SAN FRANCISCO — ChatGPT maker OpenAI will pay to use Associated Press news stories to train its artificial intelligence algorithms, the first major deal of its kind amid a growing debate over whether tech companies should pay the creators of content they scrape from the web and use to build AI tools.
OpenAI will get access to the AP’s archive of text stories going back to 1985, according to a statement from the news organization. On top of licensing fees, the AP will also get access to OpenAI’s technology to use in experiments for deciding how it might improve its journalism.
The news organization has used automation to produce some local sports reporting and financial earnings reports for years. The AP does not use generative tech — chatbots such as ChatGPT — to write stories, according to the news organization.
OpenAI, Google and other AI companies have used billions of sentences pulled off the open internet to build the large language models that power their chatbots. News stories, Wikipedia articles, social media comments and blog posts have all gone into the models without getting permission from their owners, with the tech companies generally arguing they are free to use the public data.
A Washington Post analysis of a database of websites that was used to train one of OpenAI’s older AI models showed that the AP’s main news website was the 68th-most cited website in the database.
A rising group of authors, musicians, news organizations and social media companies has been pushing back, arguing that the use of their content to train AI is a massive shift in the way the internet works, especially because some of the AI tools being trained on human-made content are already being used to replace human workers. A wave of lawsuits has washed over the industry in the past two weeks alleging improper data use, including class-action suits against OpenAI and Google, and lawsuits against OpenAI from the comedian Sarah Silverman and two prominent fiction authors.

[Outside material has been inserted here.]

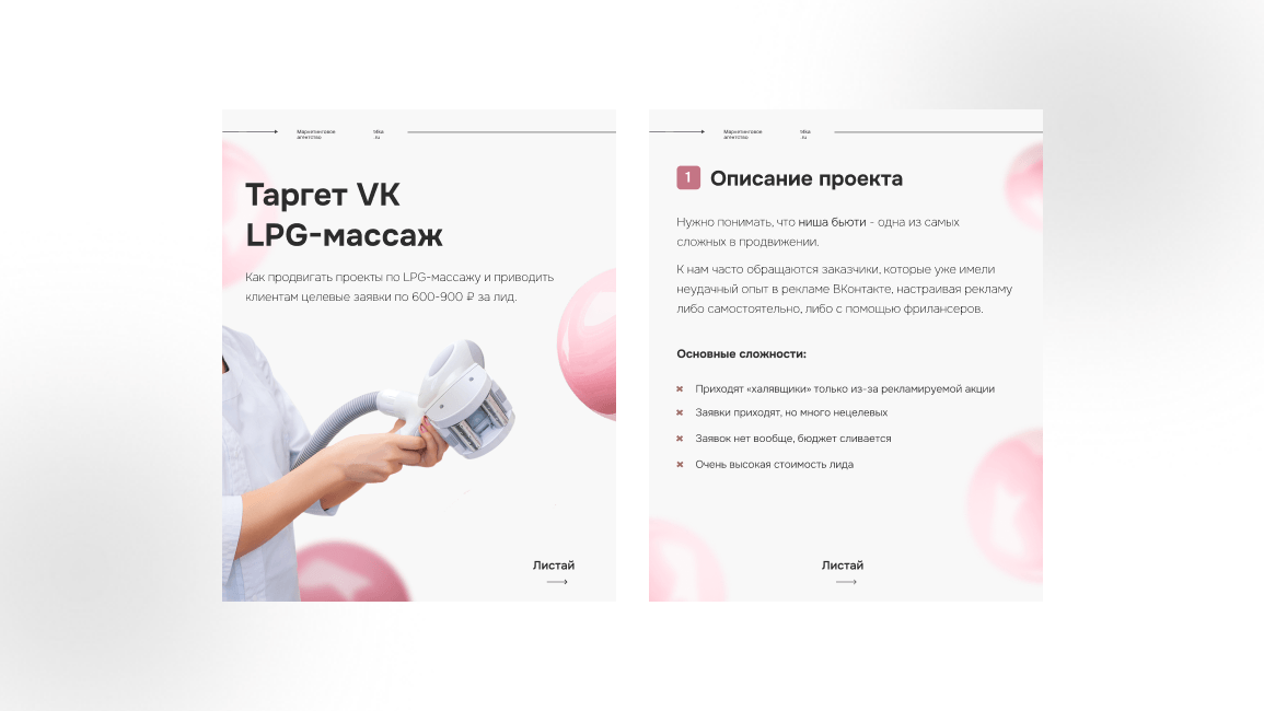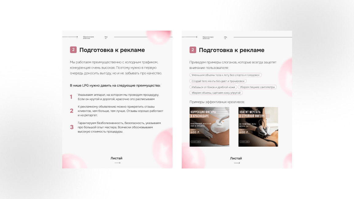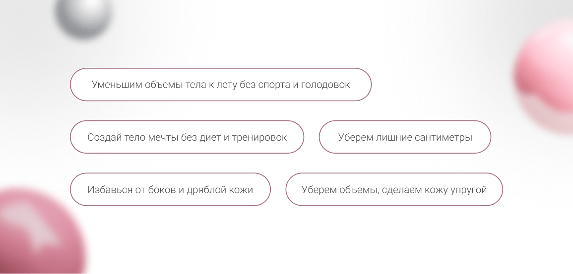 Ключевые запросы: мы использовали ключевые фразы, такие как «lpg массаж, антицеллюлитный массаж, коррекция фигуры, похудение, избавиться от целлюлита». Этот подход обеспечил высокую конверсию из клика в заявку.

On Thursday, The Washington Post reported that the Federal Trade Commission opened an investigation into how OpenAI used consumers’ data to train its models.
“The data sets include a lot of content that is copyrighted,” said Andres Sawicki, a law professor at the University of Miami who studies intellectual property. “The owners of the copyrights are not consenting to these uses.” It is possible to imagine tech companies and content creators striking more deals like the AP one to create a “clean database,” he said.
“The problem is that the size of the data sets that are required to train the models are so large that I think it’s going to be really hard to get agreement from enough owners to make it technologically viable,” Sawicki said.
Chatbots such as ChatGPT are trained on a set of information and can not be continuously updated without retraining from scratch, meaning they are less useful for providing recent news and fresh information. Tech companies have tried to solve that problem by allowing the chatbots to search the web themselves or ask questions from a separate, updating database. The AP deal gives OpenAI access only to its archive, but the archive is updated with recent news stories regularly.
Tech companies have paid directly for news content in the past. Google and Facebook both pay news sites for direct access to their content to display on their platforms in some countries. In Australia, the government passed a law requiring the practice, and a similar law is about to go in effect in Canada.